Paolo Iantaffi un nuovo associato Stampa
Domenica 01 Ottobre 2017 17:37

Il Movimento Arte del XXI Secolo dà il benvenuto al ternano di Lombardia Paolo Iantaffi, medico e pittore, che si muove con impronta professionale in ambedue gli ambito del proprio lavoro. Per quanto riguarda la pittura, cui è approdato da poco con esiti straordinari, mantiene lo spirito del neofita, nel senso che non si è ancora dato un preciso ambito di ricerca e continua a variare l’attenzione su quanto lo attira.

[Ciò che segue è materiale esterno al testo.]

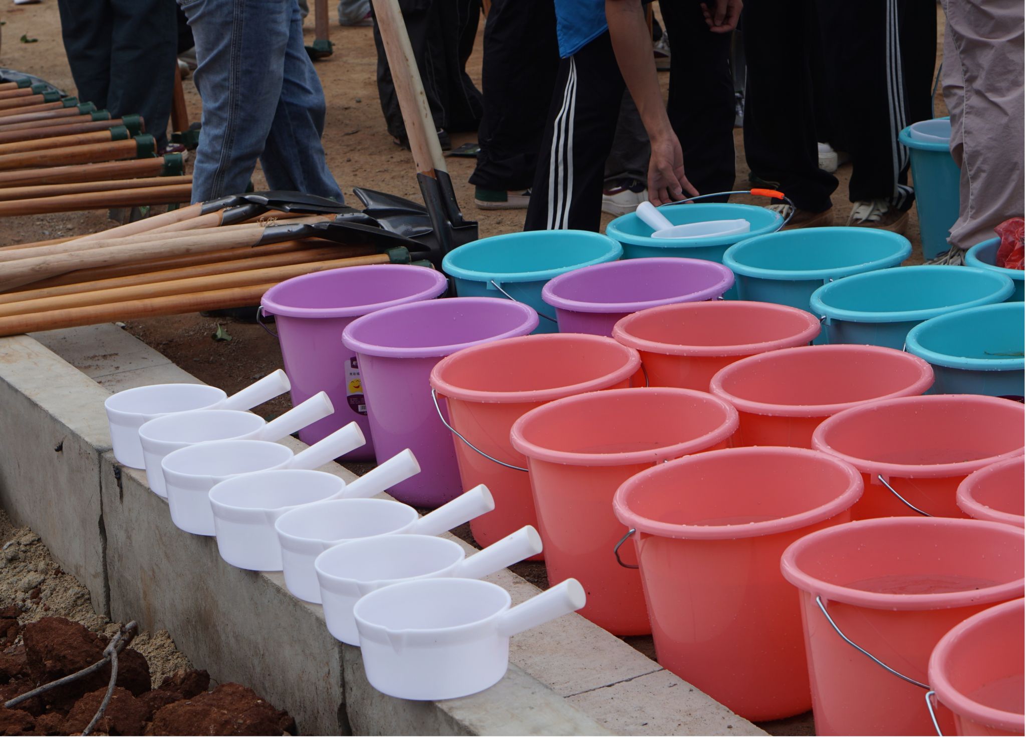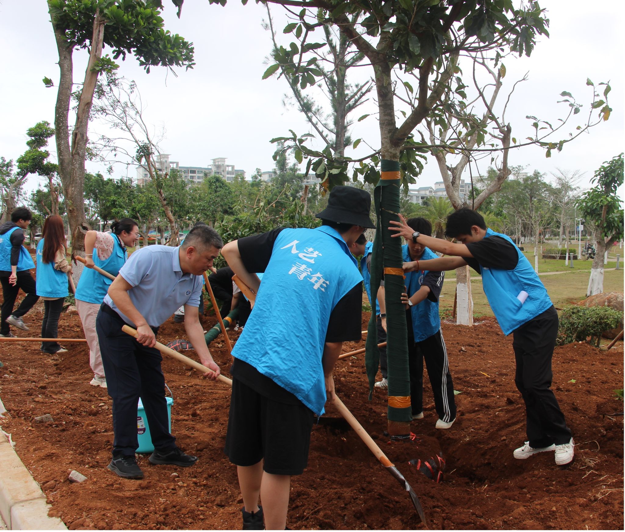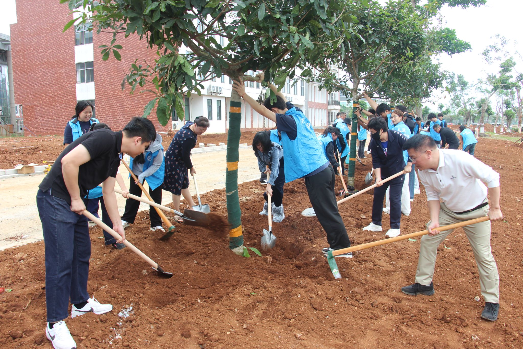 活动现场,师生们热情高涨,分工明确,干劲十足。有的挥锹铲土,有的扶苗填坑,有的提水浇灌,每一个环节都衔接有序,配合默契。“先把树苗扶正,再填土,一定要踩实咯!”“水多浇点,让小树苗喝饱!” 大家一边劳动,一边交流着植树的技巧和心得,植树现场温馨和洽,其乐融融。
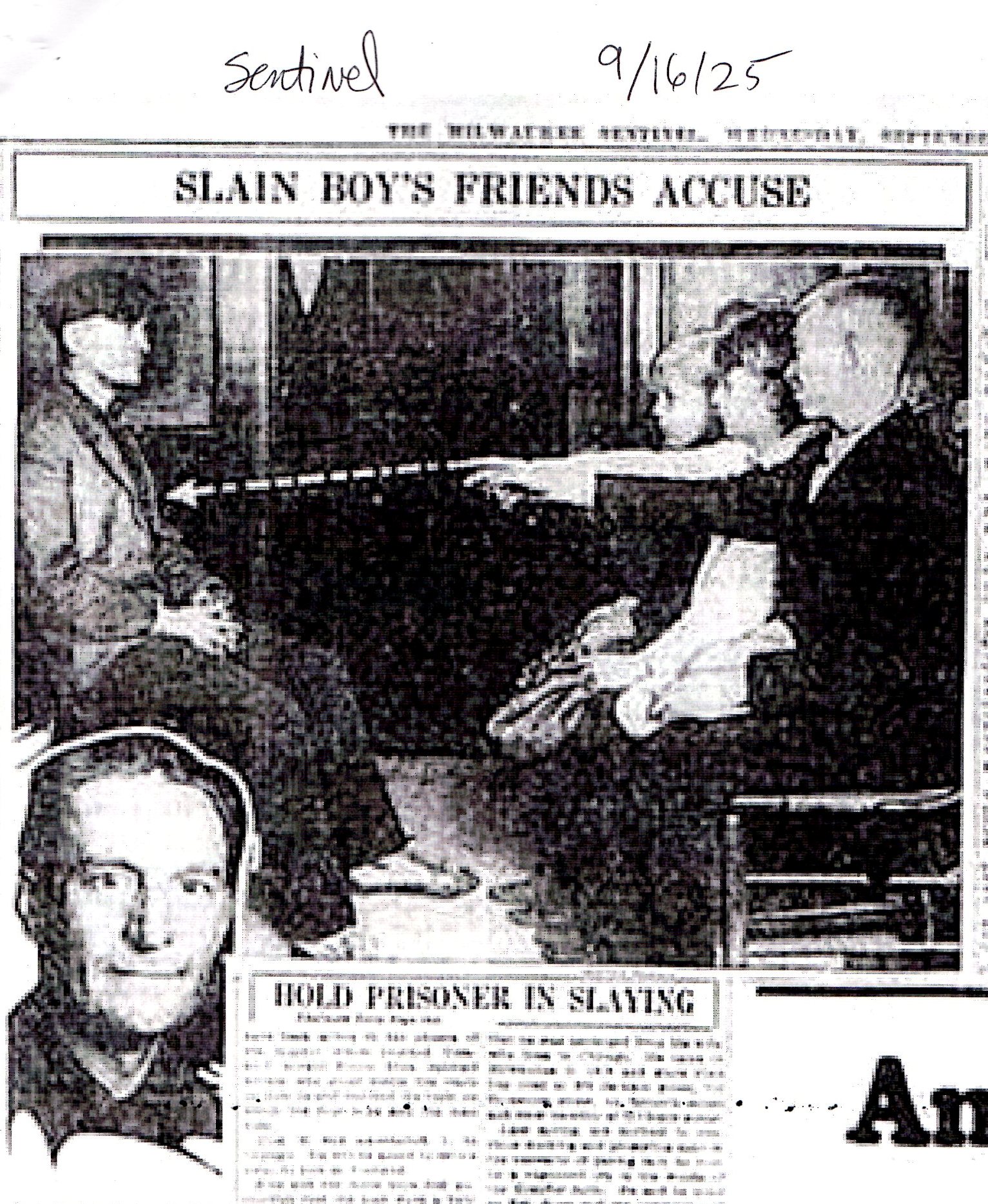 Here is an interesting photo, set up at the Wauwatosa Police Department. Buddy Schumacher’s friends (right) point at suspect Edward Vreeland. Dashed arrow provided by the Milwaukee Sentinel.

Ne consegue che i temi d’interesse sono molti anche se i quadri prodotti sinora sono pochi, ma di altissima qualità tecnica. Sembra che Iantaffi abbia seguito un corso di studi accademico e invece ha preso solo poche lezioni da un maestro di indubbie qualità. Lo interessano, in un ambito figurativo con qualche attenzione per il surreale, i ritratti, tema difficilissimo che è riuscito a determinare un progressivo affinamento in sole quattro prove passando da una tela perfetta ma molto fotografica realizzata con Il Mitico ad una grande disinvoltura rappresentativa con i ritratti di Alain Delon e della Regina. Di grande eleganza le nature morte dedicate a due calici la cui nettezza e il gioco delle trasparenze richiamano i grandi olandesi del Seicento. Si è anche appropriato dell’anatomia e lo dimostra con due deliziose figure femminili, una castamente e insieme provocatoriamente nuda, l’altra ripresa di spalle in contemplazione dei faraglioni cui il suo corpo fa da contrasto. Tutte prove che gettano luci favorevoli sul suo futuro artistico.